• Problem: Although pictures appear in the entries below, leave them out and print exactly the lines from the first line through the line containing "Fashion Dangle Earrings".

• Material for this exercise:
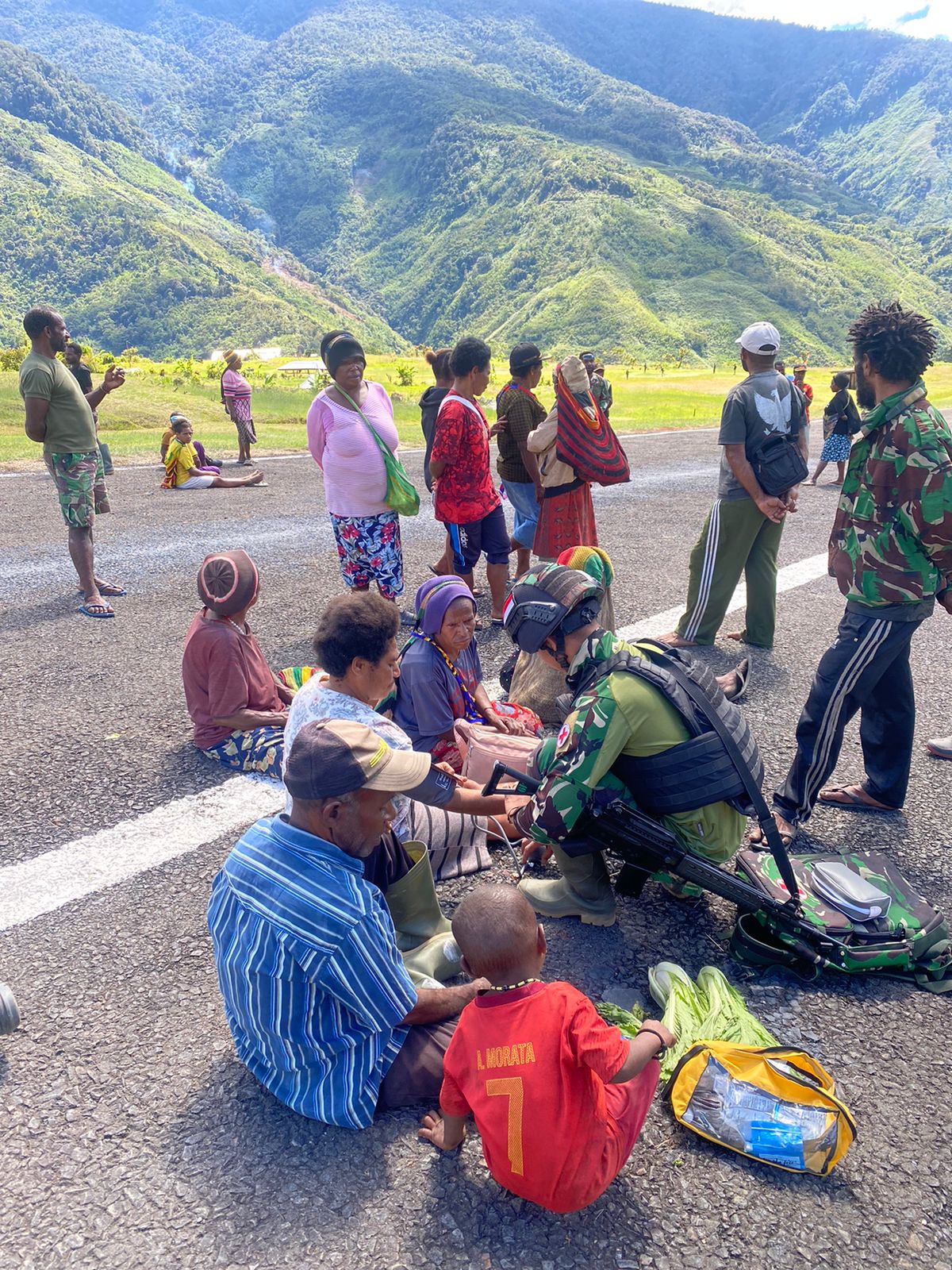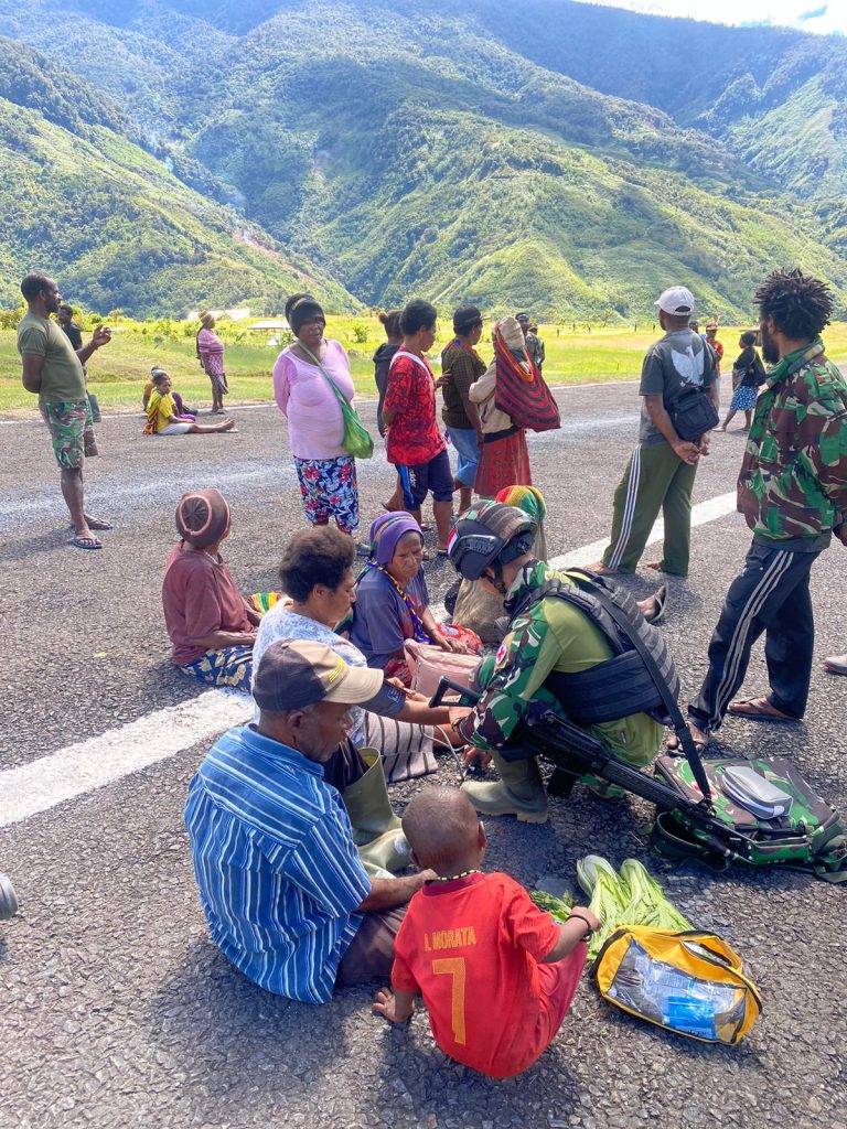 Pegunungan Bintang ~ Satgas Pamtas Statis Yonif 310/KK lakukan Komunikasi Sosial dengan warga untuk ciptakan rasa aman di Kp. Oknanggul Distrik Kiwirok Kab. Pegunungan Bintang, Papua Pegunungan, Jumat (11/8/2023)
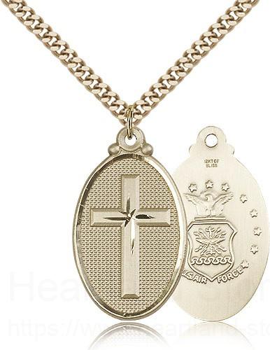 This Cross Army Medal is paired with a 24 inch stainless steel gold-tone heavy curb chain as pictured. All medals are gift boxed in a light blue velvet jewelry box ready for gift giving.
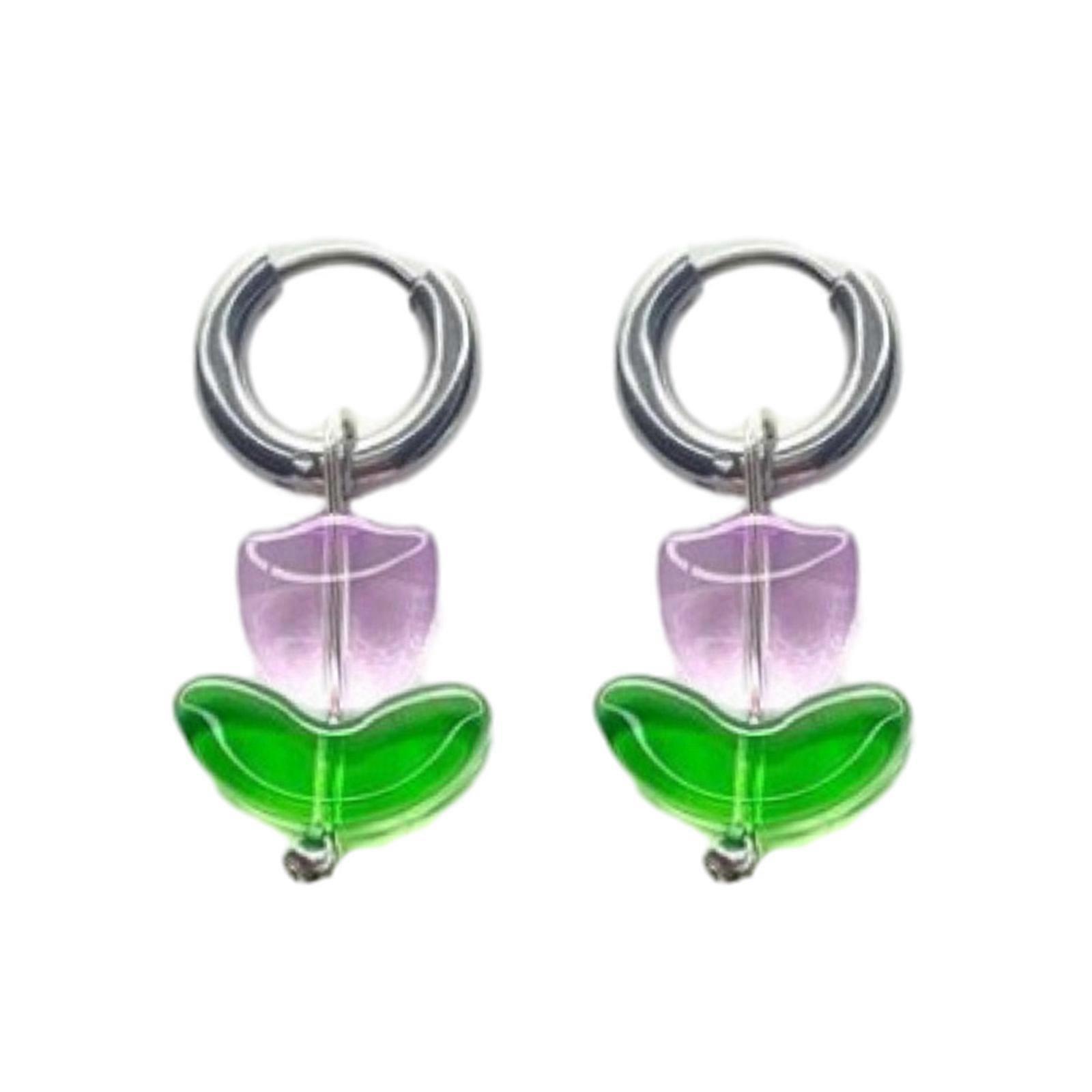 Fashion Dangle Earrings Small Hoop Earrings Simple Glaze Tulips Flower Pendant Earrings Statement Jewelry for Women Girl Purple
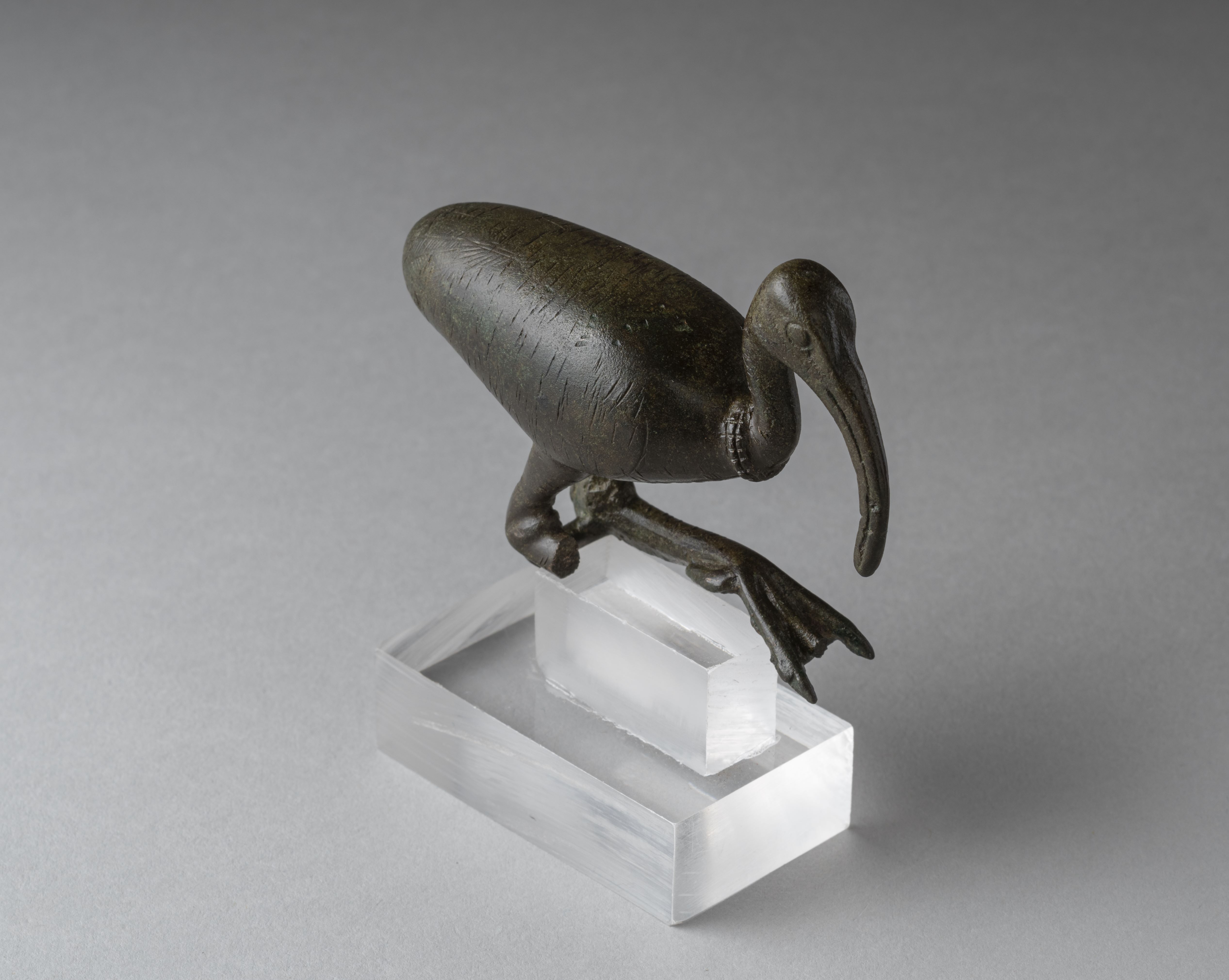 Figure of a squatting ibis. The beak is long, curved downward, and decorated with incised lines. The neck is adorned with a collar composed of two registers. The wings are outlined by a border, while the body is entirely decorated with small incisions. The feather details on the tail are finely executed. The legs are bent; the right leg is broken at the knee, while the left has the central toe fractured. The tenon, now broken, connected the two legs at the knee joints. The figure is mounted on a plexiglass base. The object appears to have been produced using the lost-wax technique for hollow casts.
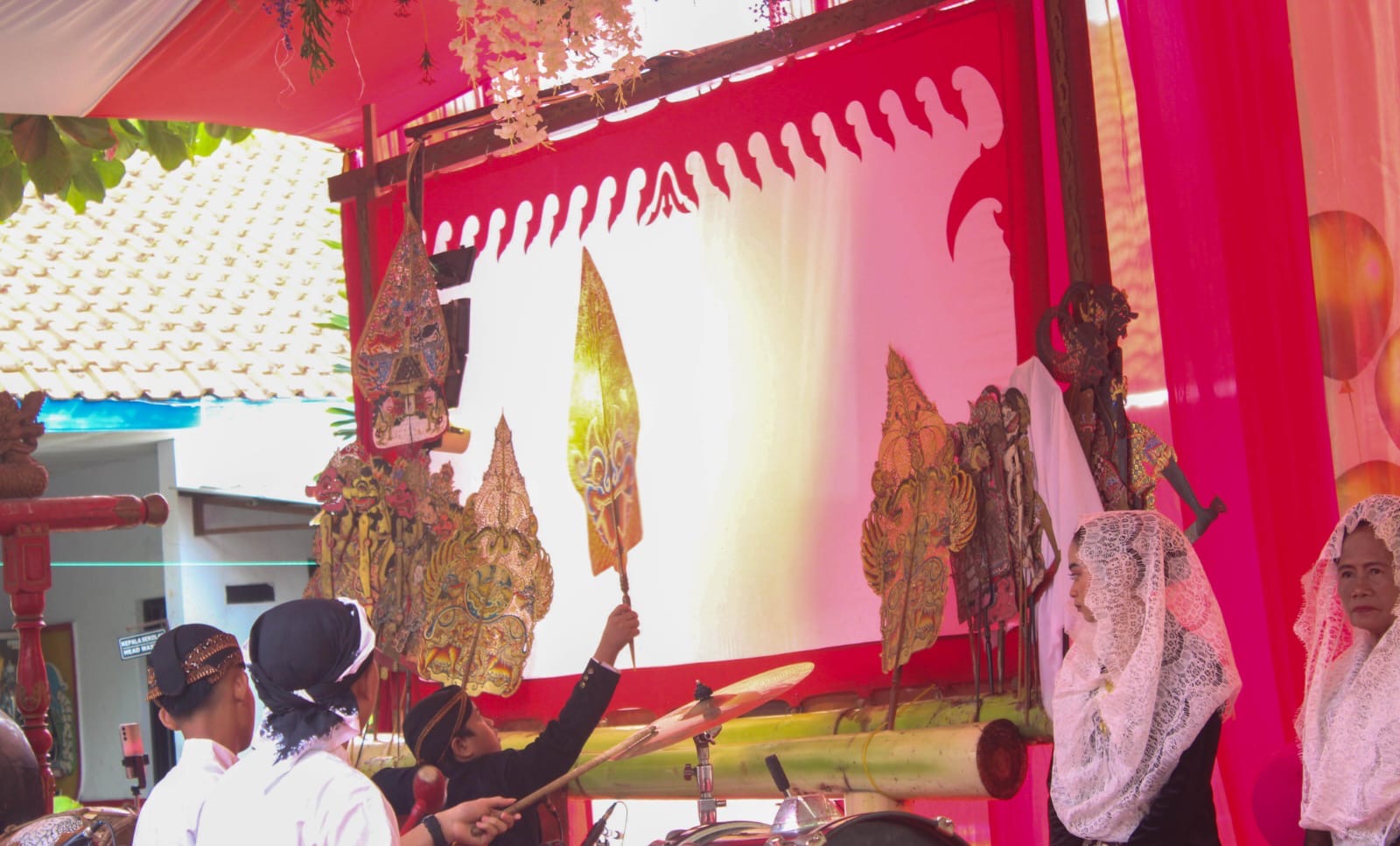 Suasana istimewa lebih lengkap, dan terlihat unik, diatas panggung berdiri tegak layar atau kelir untuk pertunjukan wayang kulit.

• Answer section:
 Pegunungan Bintang ~ Satgas Pamtas Statis Yonif 310/KK lakukan Komunikasi Sosial dengan warga untuk ciptakan rasa aman di Kp. Oknanggul Distrik Kiwirok Kab. Pegunungan Bintang, Papua Pegunungan, Jumat (11/8/2023)
 This Cross Army Medal is paired with a 24 inch stainless steel gold-tone heavy curb chain as pictured. All medals are gift boxed in a light blue velvet jewelry box ready for gift giving.
 Fashion Dangle Earrings Small Hoop Earrings Simple Glaze Tulips Flower Pendant Earrings Statement Jewelry for Women Girl Purple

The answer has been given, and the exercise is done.